All this was familiar. Novel were some of Lenin’s candid reflections on the subject of war and peace. To an audience that feared that he had made perpetual peace with a leading “imperialist” power he gave reassurances. First, the Soviet Government had every intention of violating the provisions of the Brest Treaty: in fact, it had already done so “thirty or forty times” (in a mere three days!). Nor did peace with the Central Powers signify abandonment of the class struggle. Peace was by its nature transitory, an “opportunity to gather strength”: “History teaches that peace is a breathing space for war.” In other words, war is the normal condition, peace a respite: there could be no lasting peace with non-Communist countries but only a temporary suspension of hostilities, a truce. Even while the peace treaty was in force, Lenin went on, the Soviet Government—in disregard of its provisions—would organize a new and effective military force. Thus, Lenin comforted his followers, the peace treaty they were asked to approve was merely a detour on the road to global revolution.

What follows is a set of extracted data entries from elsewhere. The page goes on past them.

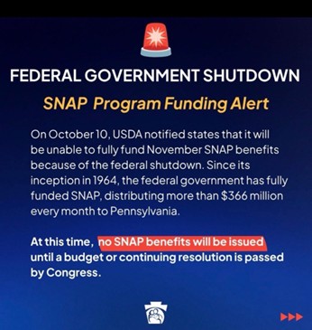 SNAP and LIHEAP benefits may be delayed due to the ongoing federal government shutdown, but you can still apply for the Property Tax/Rent Rebate Program. This program is funded by the Pennsylvania Lottery and gaming revenues.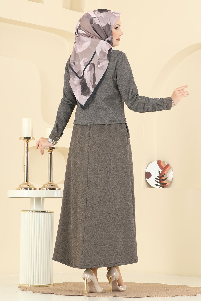 Kahve Rengi Etek Ceket Takımı & Vizyon Stili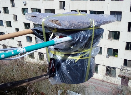 3.防高溫。垃圾桶用多層黑色塑料袋封裝,可以起到隔阻熱輻射的作用,最外層再用白色塑料袋包裹,避免吸能吸熱,最大限度地防止高溫。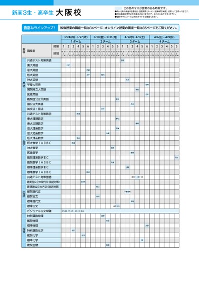 新高3生・高卒生大阪校この色のマスが授業のある時限です。●同一名称の講座は設置校舎・設置期間(ターム)・授業時間(時限)が異なっても同一内容です。●担当講師は変更になる場合がありますので、あらかじめご了承ください。●講師のフルネームはWebサイトでご確認ください。3/24(月)~3/27(木)3/28(金)~3/31(月)4/2(水)~4/5(土)4/6(日)~4/9(水)1ターム2ターム3ターム4ターム12345612345612345612345609:30〜11:0011:20〜12:5013:40〜15:1015:30〜17:0017:20〜18:5019:10〜20:4009:30〜11:0011:20〜12:5013:40〜15:1015:30〜17:0017:20〜18:5019:10〜20:4009:30〜11:0011:20〜12:5013:40〜15:1015:30〜17:0017:20〜18:5019:10〜20:4009:30〜11:0011:20〜12:5013:40〜15:1015:30〜17:0017:20〜18:5019:10〜20:40時限時間講座名教科川口刀木下香川西岡久末木下西浦池谷西浦香川瀬戸山西浦寺尾西浦寺尾佐野江本久末島田藤野藤野上高原奥村・上田・畑河村西浦佐佐木阪上菅井一番合戦一番戦北野山本(ま)4/6(日)17:20〜20:40阪上瀧澤吉田古川古川影山宮本西尾小倉上住山本(和)大學西高木共通テスト対策英語東大英語京大英語阪大英語神大英語早慶大英語関関同立大英語医進英語難関国公立大英語国公立大英語英文法・語法共通テスト対策数学東大理類数学東大文類数学京大理系数学京大文系数学阪大理系数学阪大数学ⅠAⅡBC神大数学医進数学難関理系数学ⅢC難関数学ⅠAⅡBC標準理系数学ⅢC標準数学ⅠAⅡBC共通テスト対策国語難関国公立大現代文(論述対策)難関国公立大古文(論述対策)難関現代文難関古文標準現代文標準古文ビジュアル古文常識特別選抜物理難関物理標準物理特別選抜化学難関化学標準化学難関生物早慶大日本史日本史論述世界史論述日本史世界史小論文英語数学国語理科地歴小論文●2025年度/春期講習/近畿/大阪/高3・卒生/パターン14452025_58_5_511_11_20241107181019.csv/1ページ校了時削除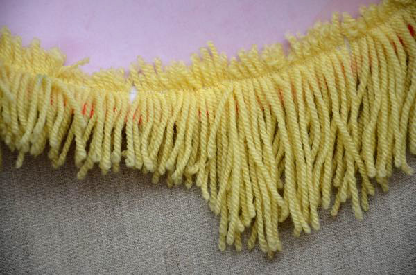 Les « cheveux » sont récupérés sur un chapeau de clown fait autrefois pour les tontons, mais qui avait trop vécu pour reprendre du service. J’avais tout simplement  cousu des brins de laine sur un ruban sergé blanc, que j’ai collé le long du bord intérieur.
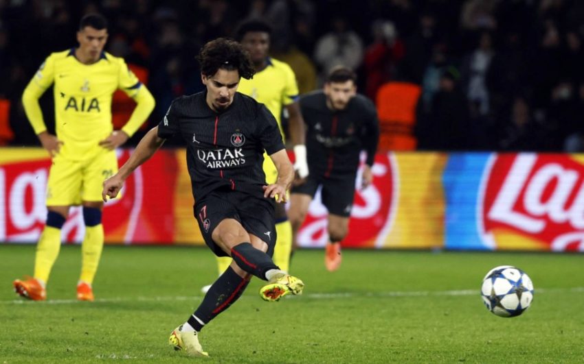 PSG’s Vitinha slots home a penalty for the fifth goal in the win against Tottenham Hotspur at Parc des Princes. (EPA Images pic)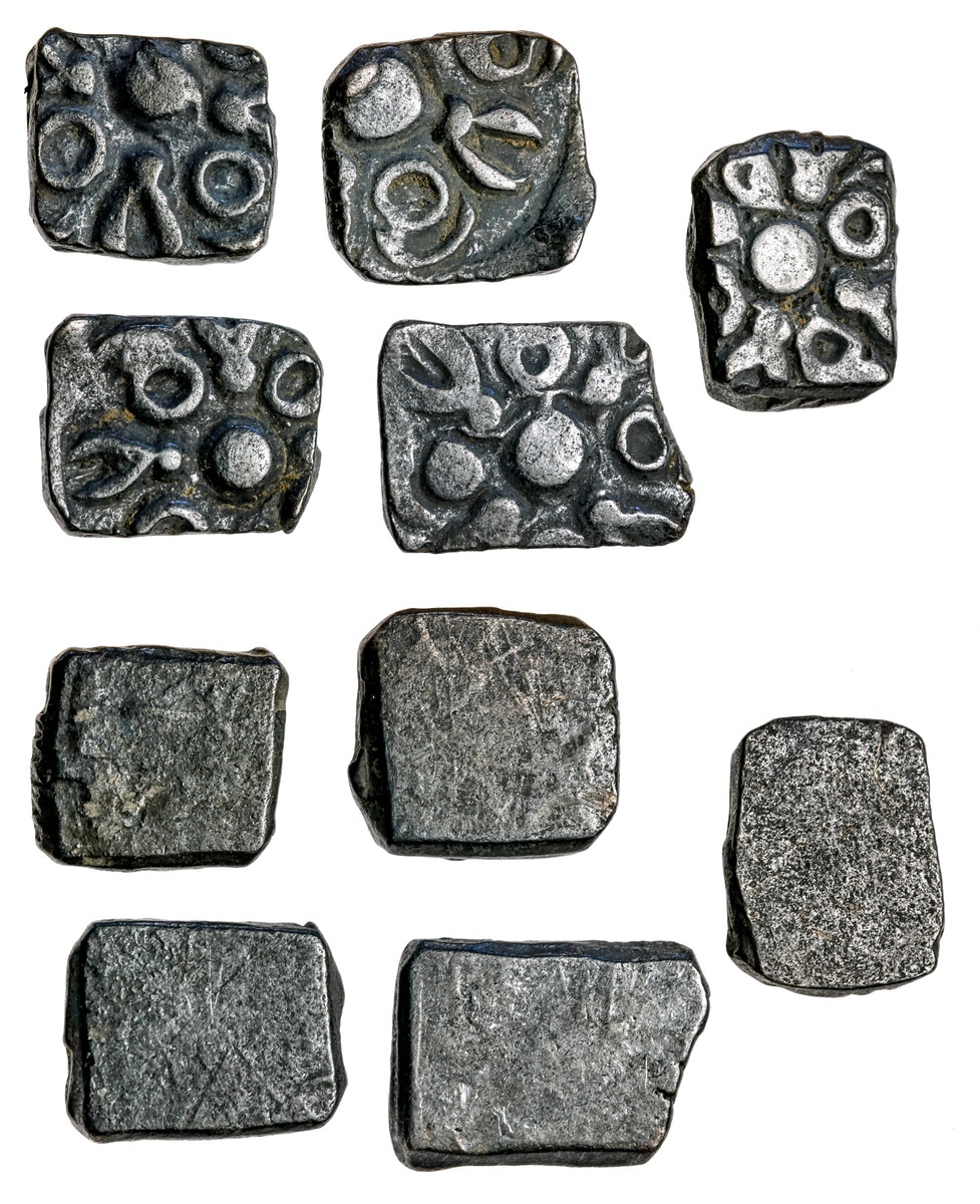 Ancient India. Avanti. Punchmarked coinage. Group of AR ¼ Karshapana, 5th Century BC. Large pellet with taurine and geometric symbols around. Toned. Very Fine. (5)

The Left Communists restated their objections,91 but failed to muster enough votes. The motion, approving the treaty, passed 28–9 with one abstention. Lenin then asked the Party Congress to pass a secret resolution, not subject to publication for an indefinite period, giving the Central Committee “the authority at any time to annul all peace treaties with imperialist and bourgeois governments and, in like manner, to declare war on them.”92 Readily approved and never formally rescinded, this resolution empowered the handful of men in the Bolshevik Central Committee, at their own discretion, to break all international agreements entered into by their government and to declare war on any and all foreign countries.
There still remained the formality of ratification. Notwithstanding the sham apprehensions Trotsky had confided to the Allied representatives, the issue was never in doubt. The congress was not a democratically elected body but an assembly of initiates: of the 1,100 to 1,200 delegates who gathered on March 14, two-thirds were Bolsheviks. Lenin delivered his standard defense of the treaty in two long-winded and rambling speeches—they were those of a thoroughly exhausted man—in which he pleaded for realism.
He was impatiently awaiting a response to his requests to the United States and British governments for economic and military assistance: he knew full well that as soon as the treaty had been ratified the chances of procuring it were nil.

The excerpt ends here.